Get dataframe with coefficients of a model in Pipeline.

The step before the model has to have a get_feature_names_out method.

If a simple estimator is provided, it creates a pipeline with a BaseTransformer. In that case, the feats input is not optional and there is no need for a get_feature_names_out method.

Parameters:

pipe – pipeline or estimator
feats – (optional) list of features the estimator uses.

Return result:

pandas DataFrame with a Feature column with the feature names and a score column with the coefficients values ordere by absolute magnitude.

tubesml.model_inspection.get_feature_importance(pipe, feats=None)

Get dataframe with the feature importance of a model in Pipeline.

The step before the model has to have a get_feature_names_out method.

If a simple estimator is provided, it creates a pipeline with a BaseTransformer. In that case, the feats input is not optional and there is no need for a get_feature_names_out method.

Parameters:

pipe – pipeline or estimator
feats – (optional) list of features the estimator uses.

Return result:

pandas DataFrame with a Feature column with the feature names and a score column with the feature importances values ordere by magnitude.

tubesml.model_inspection.get_pdp(estimator, feature, data, grid_resolution=100)

Calculates the partial dependence of the model to a variable. It is a wrapper around sklearn.inspect.partial_dependence

Parameters:

estimator – model or pipeline with a predict method. If the fit method was not previously called, it will throw an error.
feature – string or tuple of 2 strings. The feature for which to create the partial dependence. If it is a tuple, a 2-way partial dependence will be created.
data – pandas DataFrame. It must contain the features the estimator uses to generate predictions. If feature is not present in this dataframe, an error will be raised.
grid_resolution – Integer, default 100. The number of equally spaced points on the grid.

Returns:

pandas DataFrame with columns x (the feature values in the grid), feat (the feature name), y (the values of the partial dependence). If feature is a tuple, there is also another column x_1 with the values in the grid of the second feature of the tuple. If feature is a string, x_1 is empty.

tubesml.model_inspection.plot_feat_imp(data, n=-1, imp='shap', savename=None)

Plots a barplot with error bars of feature importance. It works with coefficients too.

Parameters:

data – pandas DataFrame with a mean and a std column. A KeyError is raised if any of these columns is missing. If shap is selected, the columns has to be shap_importance and shap_std.
n – int, default=-1. Number of features to display.
imp – string, default=shap. Allowed values are shap, standard, or both. If shap, the importances coming from shap values will be in the plot. If standard, the one coming from the model method. If both, 2 plots will be produced side by side.
savename – (optional) str with the name of the file to use to save the figure. If not provided, the function simply plots the figure.
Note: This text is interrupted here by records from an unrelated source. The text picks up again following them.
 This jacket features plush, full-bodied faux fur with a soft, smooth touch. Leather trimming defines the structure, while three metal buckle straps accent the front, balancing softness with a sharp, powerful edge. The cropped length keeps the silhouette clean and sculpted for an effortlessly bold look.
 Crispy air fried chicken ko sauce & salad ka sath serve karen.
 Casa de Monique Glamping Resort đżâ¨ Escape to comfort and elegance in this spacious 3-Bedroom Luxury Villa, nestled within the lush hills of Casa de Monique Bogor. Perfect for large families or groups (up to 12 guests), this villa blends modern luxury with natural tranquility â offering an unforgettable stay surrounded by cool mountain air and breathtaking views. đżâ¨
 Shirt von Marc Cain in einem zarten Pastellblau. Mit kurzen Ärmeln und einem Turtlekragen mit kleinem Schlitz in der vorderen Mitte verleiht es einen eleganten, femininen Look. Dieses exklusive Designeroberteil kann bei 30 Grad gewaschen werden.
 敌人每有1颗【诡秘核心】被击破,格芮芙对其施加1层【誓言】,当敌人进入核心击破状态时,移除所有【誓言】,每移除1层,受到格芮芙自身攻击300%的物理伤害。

tubesml.model_inspection.plot_learning_curve(estimator, X, y, scoring=None, ylim=None, cv=None, n_jobs=None, train_sizes=None, title=None)

Plot learning curve and scalability of the model. The estimation is an average across the folds in the cross validation, the uncertainty is the unbiased standard deviation of the mean.
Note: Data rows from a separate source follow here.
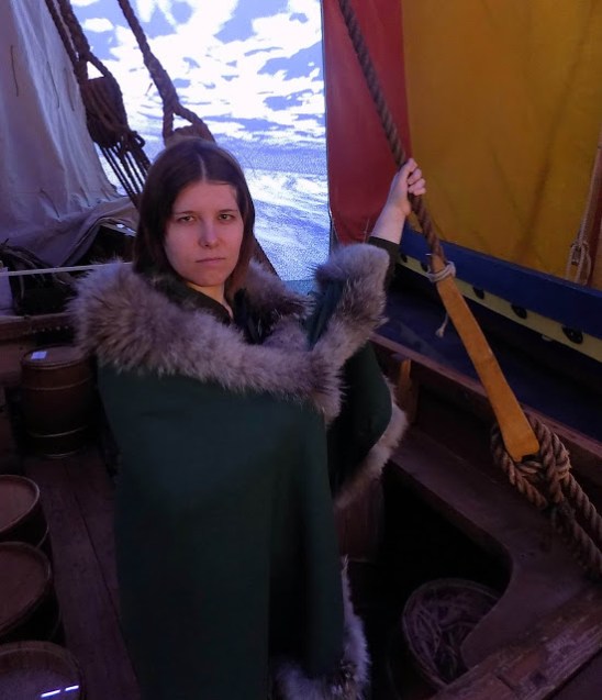 Nem csak a hajók történetét mutatta be a kiállítás, hanem a korabeli viking életet, a viking történelmet is. Egy teremben pedig jelmezeket ölthetnek magukra a látogatók, és beöltözhetnek vérszomjas vikingnek, majd a hajódíszleteken pózolhatnak. Nem hagyhattam ki ezt a lehetőséget én sem.
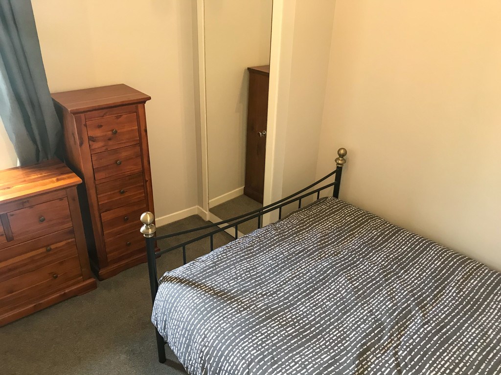 BEDROOM Comfortable double bedroom with built-in wardrobe. This room has neutral décor and is flooded with natural light from the large window.
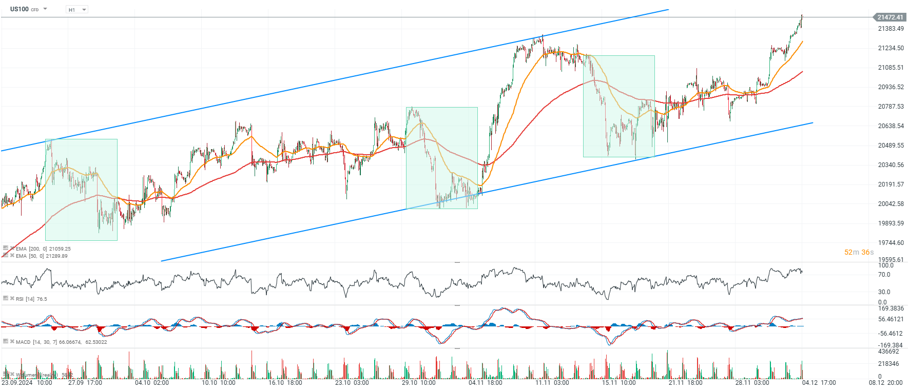 Le sentiment du marché boursier américain reste résolument positif. Bien que les secteurs financiers, bancaires et de l’énergie soient en difficulté, les entreprises technologiques tirent les indices américains vers le haut. Le contrat Nasdaq100 (US100) atteint des niveaux historiques, franchissant les 21 500 points. Le dollar américain perd 0,2 % après un ISM des services inférieur aux attentes ; l'indice USDIDX recule à 106,1.
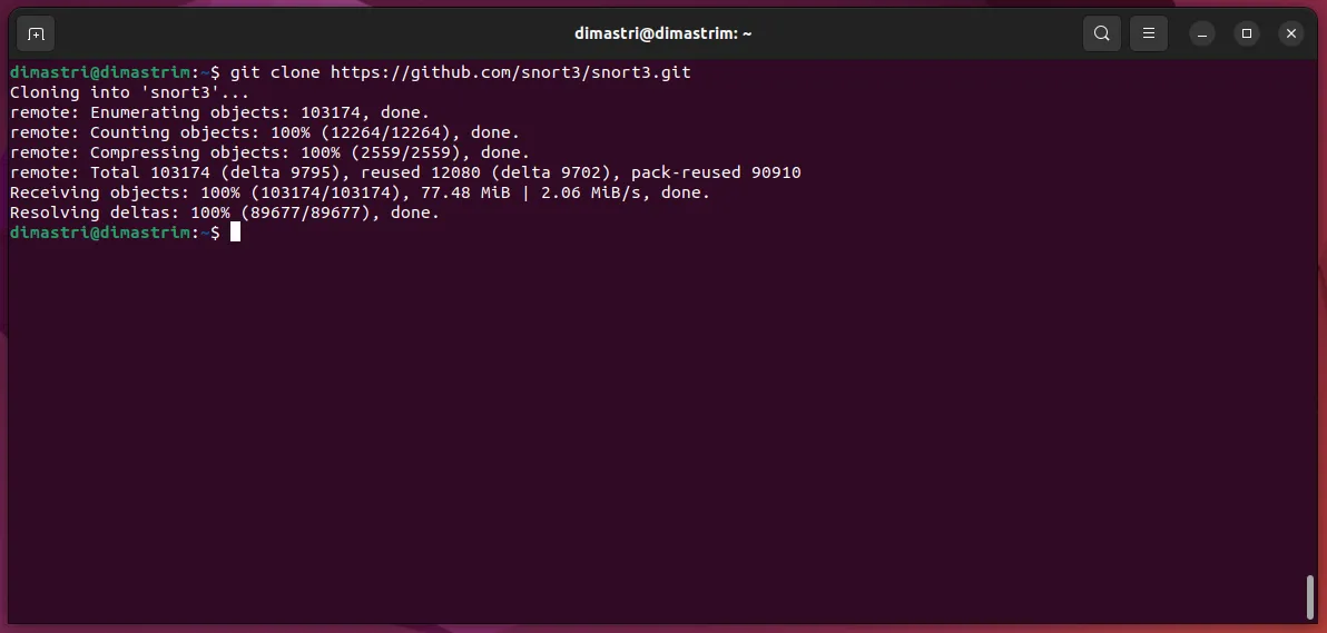 a. Menyalin source code dari snort 3 dari github repository dan cd ke dalamnya dengan perintah
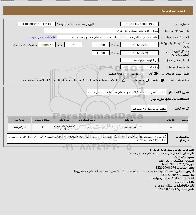 شرح کلی نیاز: گاز ساده پانسمان 16 لایه و چند قلم دیگر طبقلیست پیوست
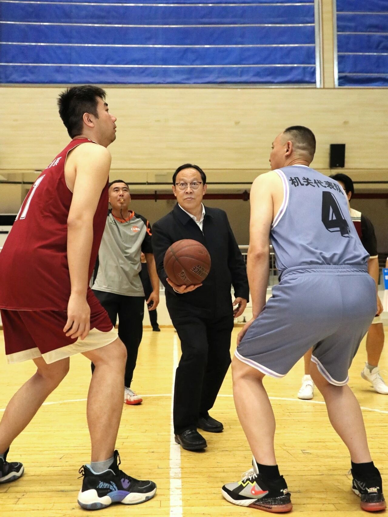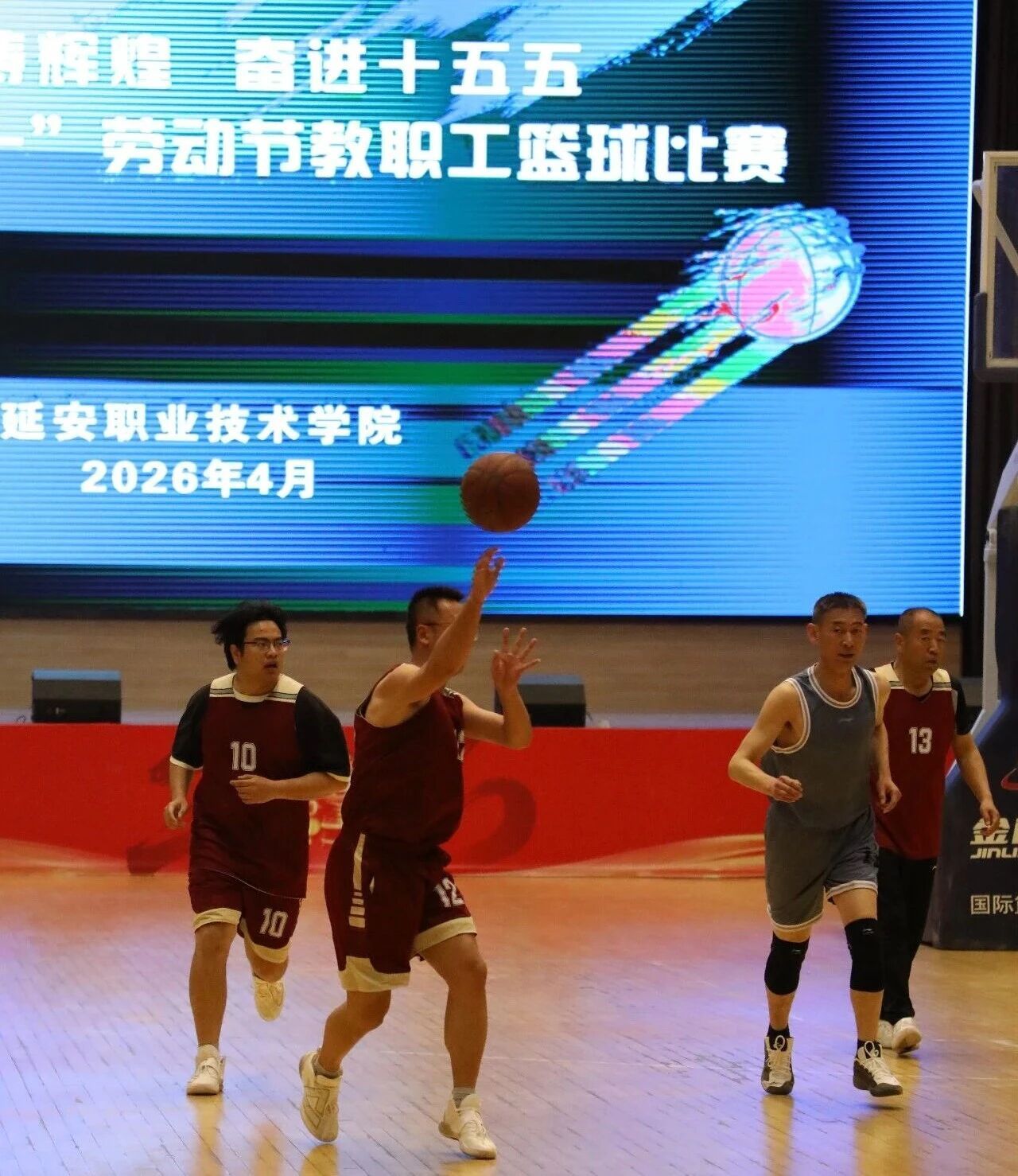 为热烈庆祝“五·一”国际劳动节,弘扬劳动精神,凝聚奋进力量,助力学院“十五五”规划开好局、起好步,4月15日下午,延安职业技术学院庆祝“五·一”国际劳动节教职工篮球赛在大学生活动中心开幕。学院党委副书记、院长牛永红宣布比赛开幕并为首场比赛开球。党委副书记党云萍,党委副书记、纪委书记刘晓霞,党委委员、副院长白国礼、杜善保、陈旭,党委委员、宣传部部长、党政办公室主任惠立彦,相关处室、各系(院)负责人与全体裁判员和运动员齐聚现场,共同见证这场兼具竞技性与凝聚力的体育盛宴。党委委员、副院长姬凌宇致开幕辞。党委委员、工会主席周景毅主持。

It may create issues when both the estimator and this function have n_jobs>1.

Moreover, it doesn’t behave well with early stopping, which produces no result. In that case, a RuntimeError is raised

Parameters:

estimator – estimator or pipeline.
X – {array-like} of shape (n_samples, n_features) The training input samples.
y – array-like of shape (n_samples,) or (n_samples, n_outputs), optional The target values (class labels) as integers or strings.
scoring – string. Scoring metric for the learning curve, see the sklearn documentation for the available options.
ylim – (optional) tuple with the limits to use in the y-axis of the plots.
cv – int, or KFold generator. The learning curves will be computed with prediction out of folds generated by this cross-validation choice.
n_jobs – int, number of jobs to run in parallel.
train_sizes – array-like of shape (n_ticks,), default=np.linspace(0.1, 1.0, 5) Relative or absolute numbers of training examples that will be used to generate the learning curve. If the dtype is float, it is regarded as a fraction of the maximum size of the training set (that is determined by the selected validation method), i.e. it has to be within (0, 1]. Otherwise it is interpreted as absolute sizes of the training sets. Note that for classification the number of samples usually have to be big enough to contain at least one sample from each class.
title – (optional) string for the figure title.
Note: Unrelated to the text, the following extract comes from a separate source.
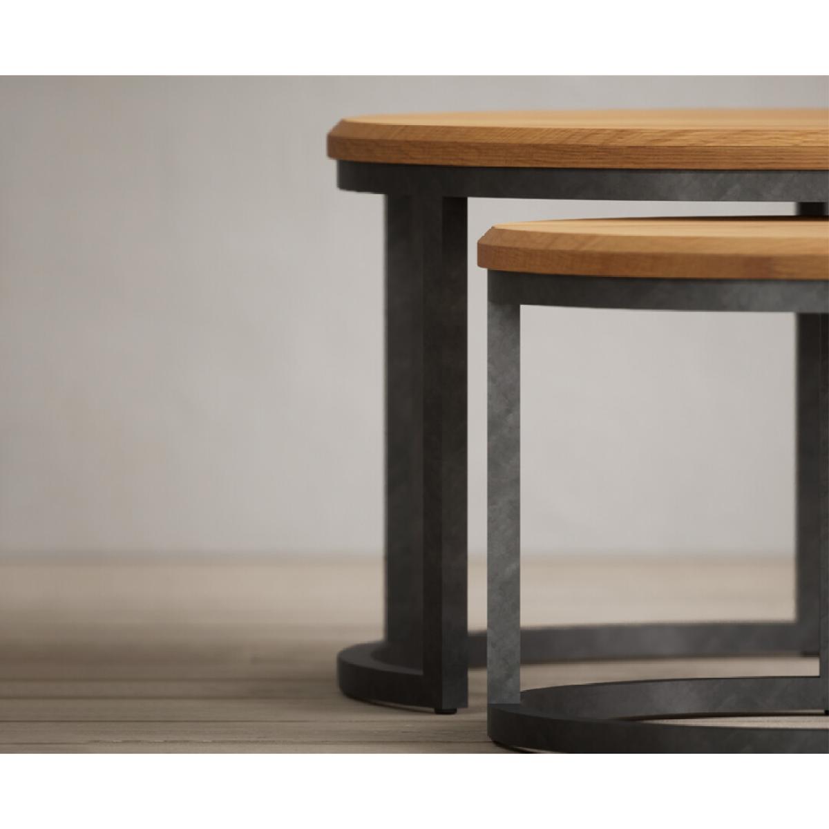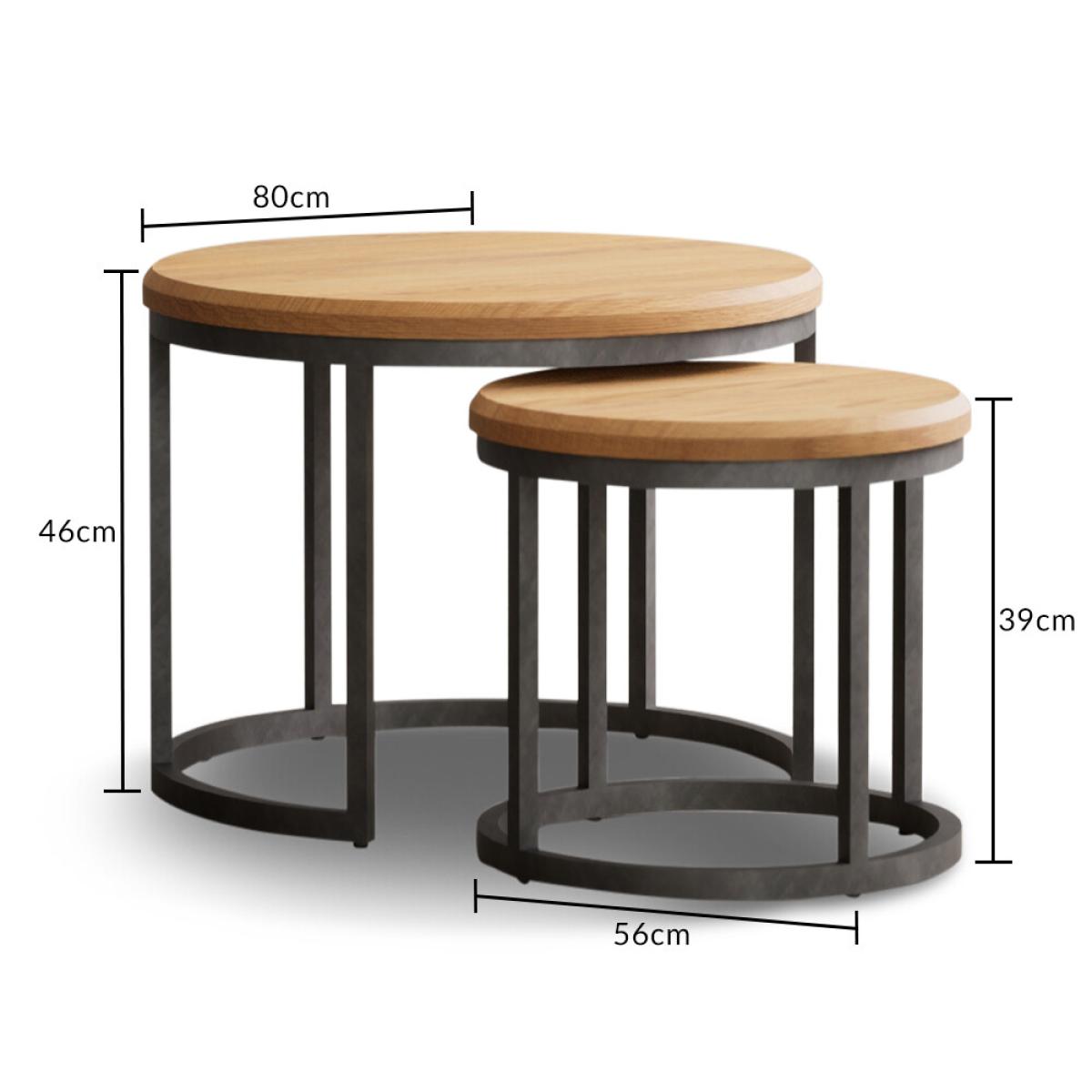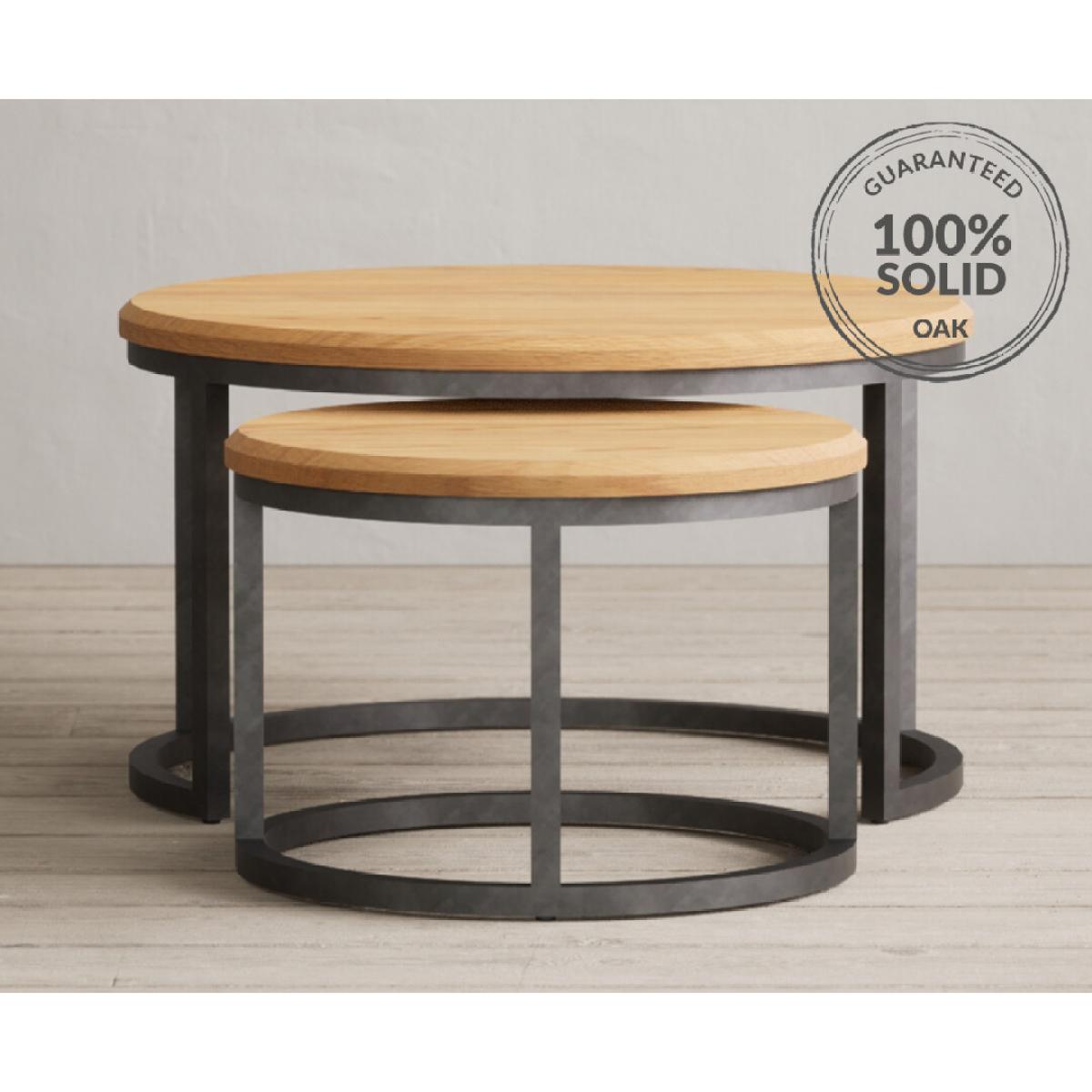 The Loft Solid Oak Round Nest of Tables is a set of two round solid oak tables with metal legs that nestle with one another when not in use.

tubesml.model_inspection.plot_partial_dependence(pdps, savename=None)

Plot all the pdps in the dataframe in a plot with 2 columns and as many rows as necessary. The function is a wrapper around tubesml.plot_pdp

Parameters:: pdps – pandas DataFrame with the partial dependences It must contain a feat, a x

tubesml.model_inspection.plot_pdp(data, feature, title, axes)

Plot partial dependence of a feature in an ax. If available, uncertainty plotted around it.

Parameters:

data – pandas Dataframe with the partial dependence It must contain a feat, a x, and either a y or a mean columns If there is an std column, it will be plotted as uncertainty aroudn the mean
feature – string. The feature to plot as x axis in the partial dependence
title – string. The title on top of the plot
axes – matplotlib axes The plot will take place in this axes

Returns:

matplotlib axes with the plot.

tubesml.model_inspection.plot_shap_values(shap_values, features='all', savename=None)

Plots the shap values and interaction for all the specified features used in the model

:param shap_values, the model shap values object (values, data, etc) :param features, string or list, default = “all”. List of features to plot. If all,

all the features will be used.

tubesml.model_inspection.plot_two_pdp(data, feature, title, axes)

This function is still in development. Plot a 2-way partial dependence

Parameters:

data – pandas Dataframe with the partial dependence It must contain a feat, a x, a x_1 and a y columns.
feature – tuple of strings. The features to plot as x and y axis in the partial dependence
title – string. The title on top of the plot
axes – matplotlib axes The plot will take place in this axes

Returns:

matplotlib axes with the plot.

tubesml.report.plot_classification_probs(data, true_label, pred_label, thrs=0.5, sample=None, feat=None, hue_feat=None, savename=None): Plot prediction vs true label when the prediction is a probability Plots also a confusion matrix, a Data, true_label, and pred_label must be of compatible size hue_feat is ignored when the unique values are more than 5 for readability

tubesml.report.plot_regression_predictions(data, true_label, pred_label, hue=None, feature=None, savename=None)

Plot prediction vs true label and the distribution of both the label and the predictions. Display also the influence of categorical features via the hue parameter. You can also display the prediction vs a feature or more in the data. This will help identify non-desired patterns also with the help of a residuals plot.

Parameters:

data – pandas DataFrame. Ideally, the dataframe used for training the model you are evaluating. It must have the same number of rows of true_label and pred_label.
true_label – pandas Series, numpy array, or list with the true values of the target variable.
pred_label – pandas Series, numpy array, or list with the predicted values of the target variable.
hue – (optional) str, name of the feature to use as hue in the scatter plot. It must be in data or it will be ignored after a warning. It is ignored when the unique values are more than 5 for readability.
feature – (optional), str or list, feature(s) to use as x-axis in the scatter plot against the prediction. Using this option will produce 2 more plots for each feature provided, one with the feature vs the prediction and one with the feature vs the residuals
savename – (optional) str with the name of the file to use to save the figure. If not provided, the function simply plots the figure.